I can back out up until the last day, installation day, no fee.
First of all, we use much less electricity than usual ...
No dishwasher, clothes washer, or dryer.
We only heat 1 bedroom we all sleep in for 2 or 3 winter months. No garage door opener.
No garbage disposal. Gas water heater.
No electric cars.
All LED lights.
No Jacuzzi.
No sauna. No pool.
No AC.
Our 1400 sq ft modest 100-yr old house near a So. Cal. beach is never very hot, humid, or cold.
It has that original old-school heavy dense lath & plaster walls, so it stays relatively cool in summer and warm in winter.
Then all year long I open and close windows at strategic times to let heat in or out, day or night, summer and winter to take advantage of the sun's heat in winter and keep it out in the summer.
I also install reflective mylar film on ALL windows that get direct sun in the summer.
This keeps house 10 to 15 degrees cooler than outside, even today when it hit 90°F.
The trusty cool Pacific Ocean breeze is a Thor-Vishnu-Budah-Jehovah-Karma-Luck-Glob-send which was factored into the house's price in the high 100 Ks almost 30 years ago.
The company is not just providing the solar panels, but also a Tesla back up batter and a no-hassle comprehensive affordable plan/project that takes a zillion things into account.
They handle EVERYTHING, for about $130 a month for 25 years with annual increases of 3.5%, compared to our utility's increases averaging 13% annually.
Zero upfront expense, and no loan because you're renting, not buying, the equipment, with 25 years warranty, and 10 year on the Tesla battery.
If anything stops working, or roof leaks where they installed stuff, it is fixed/replaced, no charge for parts or labor. No hassles with the city permits, since they handle it all.
No interaction whatsoever with the IRS as it is the company that applies for and get any rebates - if Trump hasn't yet eliminated them.
Yesterday I began the 6-week 2-way approval process.
If both parties still want to proceed they install the equipment.
2 weeks after that we stop paying for electricity from the utility.
Any excess power the panels generate (especially in the the summer) gets automatically sold back the utility company, though for much less per KW than the utility charges us when we buy it from them.
I don't have solar, but with what sounds like little electric use, it might be a good economic decision for you.
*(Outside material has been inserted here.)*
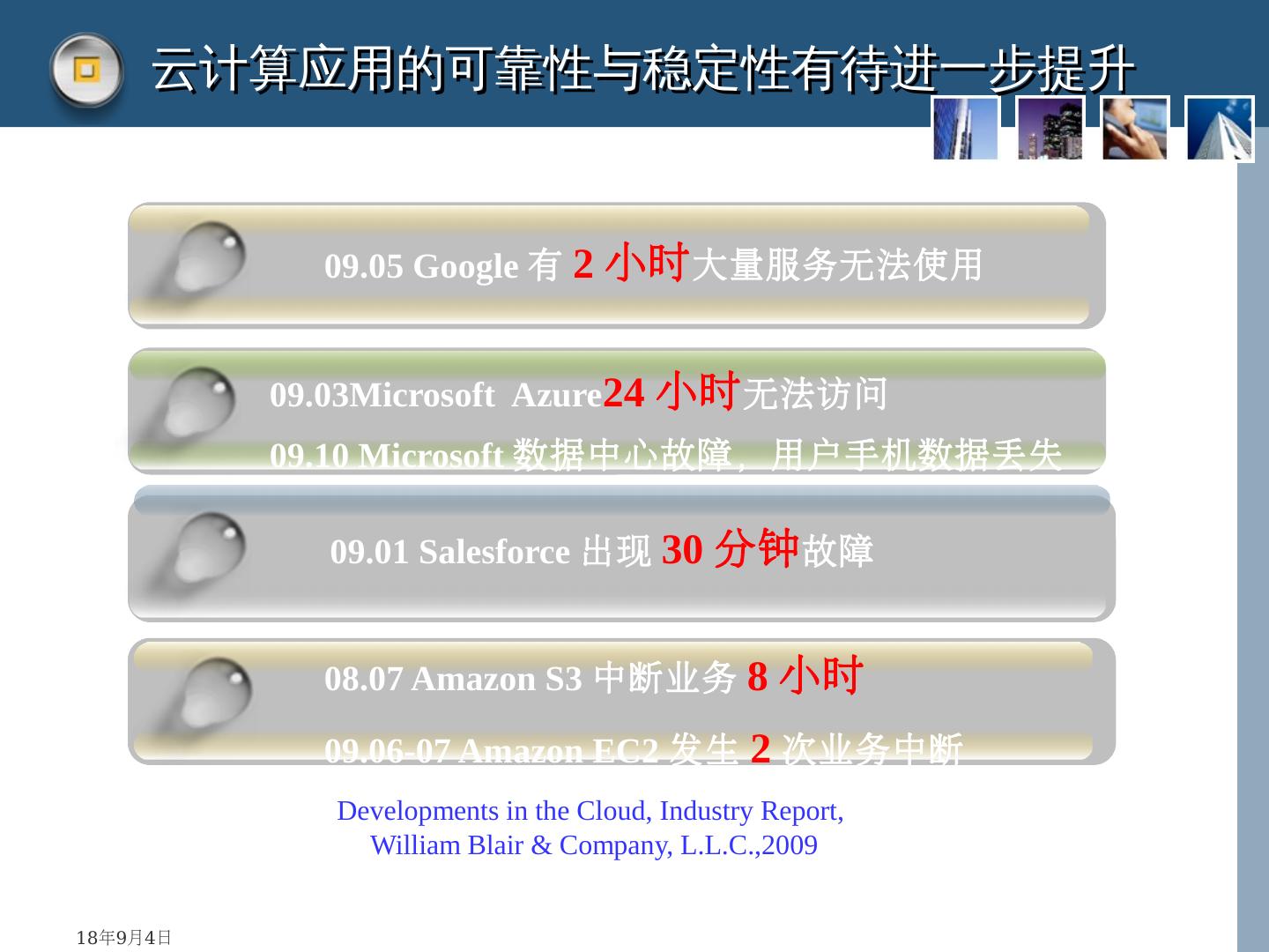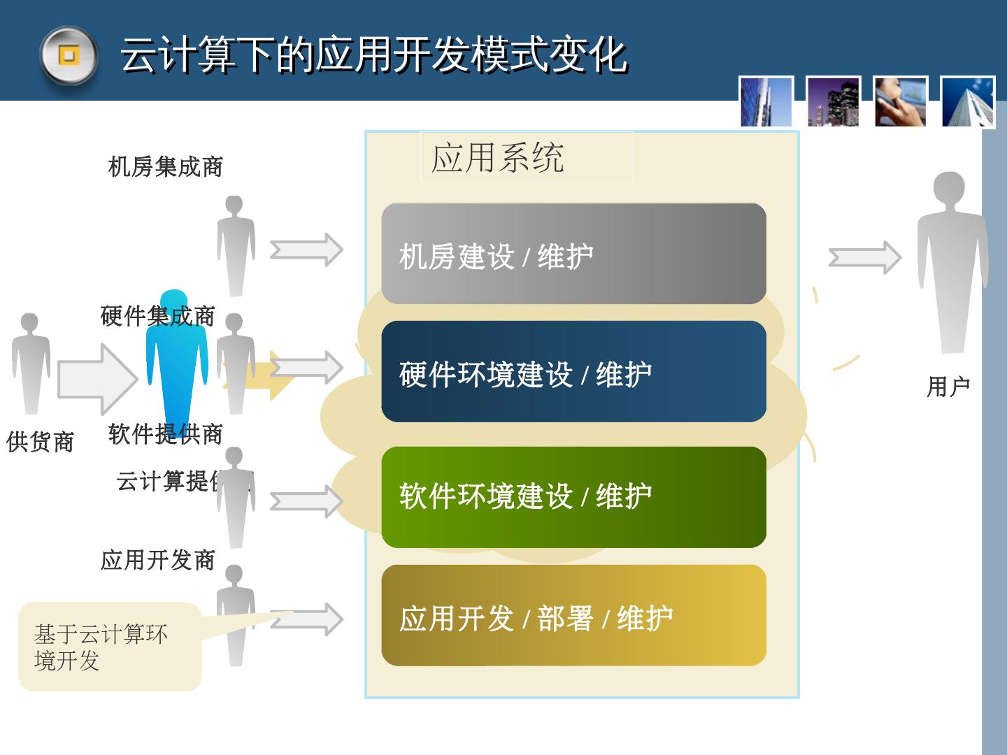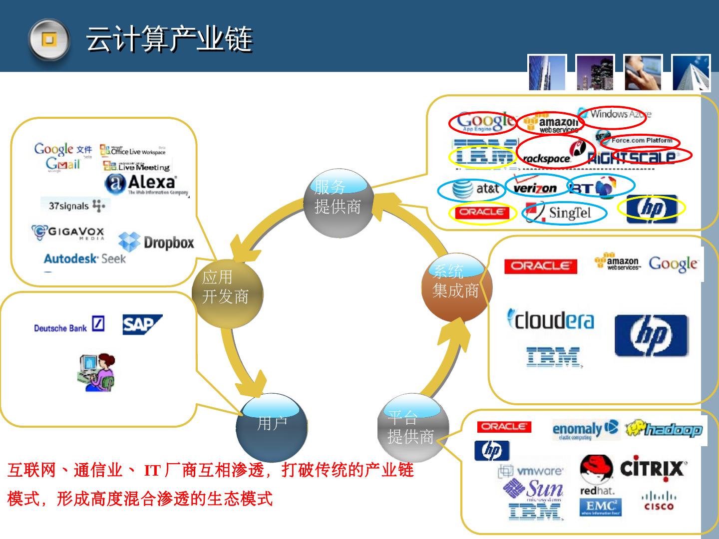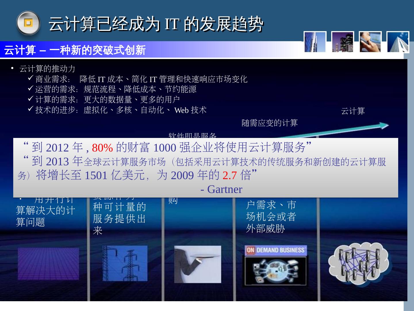 3 .云计算已经成为 IT 的发展趋势 行业环境分析 云计算 – 一种新的突破式创新 云计算 随需应变的计算 软件即是服务 效用计算 网格计算 • 基于网络的应用订购 • 把计算资源作为一种可计量的服务提供出来 • 用并行计算解决大的计算问题 • 整合的端到端业务,能够快速响应任何客户需求、市场机会或者外部威胁 • 在任何时间、任何地点访问动态提供的 IT 资源 云计算的推动力 商业需求: 降低 IT 成本、简化 IT 管理和快速响应市场变化 运营的需求:规范流程、降低成本、节约能源 计算的需求:更大的数据量、更多的用户 技术的进步:虚拟化、多核、自动化、 Web 技术 “ 到 2012 年 , 80% 的财富 1000 强企业将使用云计算服务” “到 2013 年 全球云计算服务市场(包括采用云计算技术的传统服务和新创建的云计算服务) 将增长至 1501 亿美元,为 2009 年的 2.7 倍” - Gartner

I'm guessing you don't ever plan on selling your home, but things change, and just be aware that most solar contracts require them to approve whomever takes over the solar lease (or purchase/financing contract when buying the panels) when the house is sold. Read all the fine print about that. Again, it may never happen, but you should know how they deal with the sale of the home.